Faceless Chinese Workers
If the problems in China’s financial sector are the most serious issues in the nation’s economy today, the problems in its massive factory workforce aren’t far behind. The workforce, composed of almost 300 million migrant workers, according to analysts, is getting older and growing restless.
China’s migrant workers, people who have streamed into the nation’s bustling cities from its rural areas to perform grueling factory and other menial work, are trapped in poverty. Although Xi Jinping, China’s 64-year-old ruler, claims that his regime has lifted more than 20 million people out of poverty during the last two years alone, he defines poverty as an annual income of less than 2,300 yuan, or about $350. In stark contrast, the World Bank, in defining a category it calls extreme poverty, cites an annual income of less than $700.
In proposing to eliminate poverty for millions of people who have almost nothing, Xi Jinping has vowed to transform life in China by 2020. The Chinese leader has begun allocating money to poverty programs, including $20 billion in 2017, but it is a very small amount in comparison to the public welfare funds needed.
Meanwhile, Xi Jinping has not addressed the rights of workers.

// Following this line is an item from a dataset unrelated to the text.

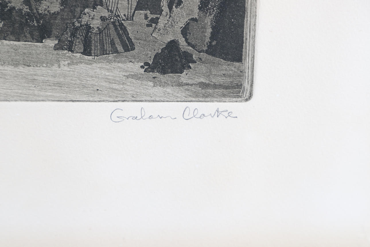Ætsning med akvatint, signeret, titel og nummereret 135/150, formet plade

By the fall of 2017, the people responsible for the dramatic rise of China’s economy into the world’s second largest continue to toil in obscurity.
China’s Migrant Workers
As growing numbers of China’s migrant workers call for better working conditions, including higher wages, for the jobs in which they toil on the fringes of the nation’s rapidly modernizing cities, they increasingly find themselves the subjects of abuse by unyielding employers and communist party officials.
In addition to withholding wages and using wrongful dismissals to take advantage of workers, business and government officials in China keep outspoken workers in line with more physical forms of intimidation: Beatings are common.

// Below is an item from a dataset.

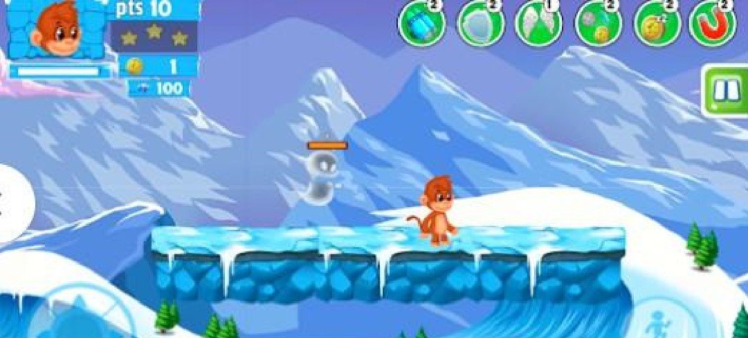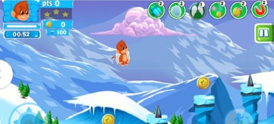 2、精美的画面风格体验,一只可爱的小猴子,在游戏之中自由的跳跃翻转,丰富多样的道具使用,

Huang Wenhai, a veteran Chinese documentary filmmaker, provides a glimpse into a world fraught with danger and anxiety after living for a year with migrant workers along China’s southern coast. In a gritty film, called We the Workers, released at the beginning of November, Huang describes the efforts of a group of workers fighting for rights in China’s Pearl River Delta, adjacent to Hong Kong.
The middle-aged and young men at the heart of Huang’s film are willing to give up old lives, including families in distant villages, in pursuit of rights for themselves and fellow workers at factories producing a wide range of goods, from apparel and TVs to jewelry and shoes.
“I think the power structure in China is facing a big problem,” Huang says. “It is the migrant worker population.”
Faceless Chinese Workers
But it’s not in southeastern China that Xi Jinping and his communist party regime face their biggest problem. Rather, it’s in Beijing, China’s capital, in the nation’s northeastern corner, where one out of every three residents is a migrant worker. The total number of people in the city is approaching 23 million.
The Chinese power structure already has launched a campaign to clear away the city’s large population of migrant workers.
At the end of November, during freezing cold weather, Chinese authorities began evicting tens of thousands of migrant workers from their homes on the outskirts of Beijing, citing health and safety concerns after a November 18th fire in a shoddy apartment building killed 19 people, primarily migrant workers and their children.
Officials in Beijing claim they must rid the city of unsafe, illegal dwellings.
But critics point to a systematic effort to suppress the rights of migrant workers by denying them access to the same social services to which officially registered city residents have access.
In China, a citizen is supposed to possess a household registration, called hukou, in the place of his or her residence. The citizen’s hukou enables him or her to gain access to hospitals, schools, and public welfare funds. However, when a citizen possesses a hukou tied to a place other than his or her place of residence, practically, that person does not have access to any social services.
At this point, it seems likely that migrant workers in Beijing will suffer the same fate as migrant workers elsewhere in China. In addition to the beatings they endure as they fight for rights in southeastern China, the heroes of Huang’s film eventually lose their freedom. “Right after we finished filming,” Huang says, “many of the protagonists were arrested and put in jail.”
“Chinese workers are faceless,” Huang says.
Massive Chinese Force
Whether or not Xi Jinping can eliminate poverty in China by 2020, he will have to address the rights of workers sooner or later. “The solution is to build a civil society where workers can collectively bargain their rights without intimidation by their employers or government officials,” Huang says.
While Xi Jinping won’t embrace such a solution any time soon, he also can’t expect to subdue China’s massive population of migrant workers for long.
After losing their jobs, homes, and freedoms, what else do the nation’s most downtrodden citizens have to lose?
As faceless Chinese workers fight for rights, they already are showing they are willing to lay down their lives. A population of almost 300 million, desperate to survive, can become a formidable force for any ruler, no matter how powerful, to keep down.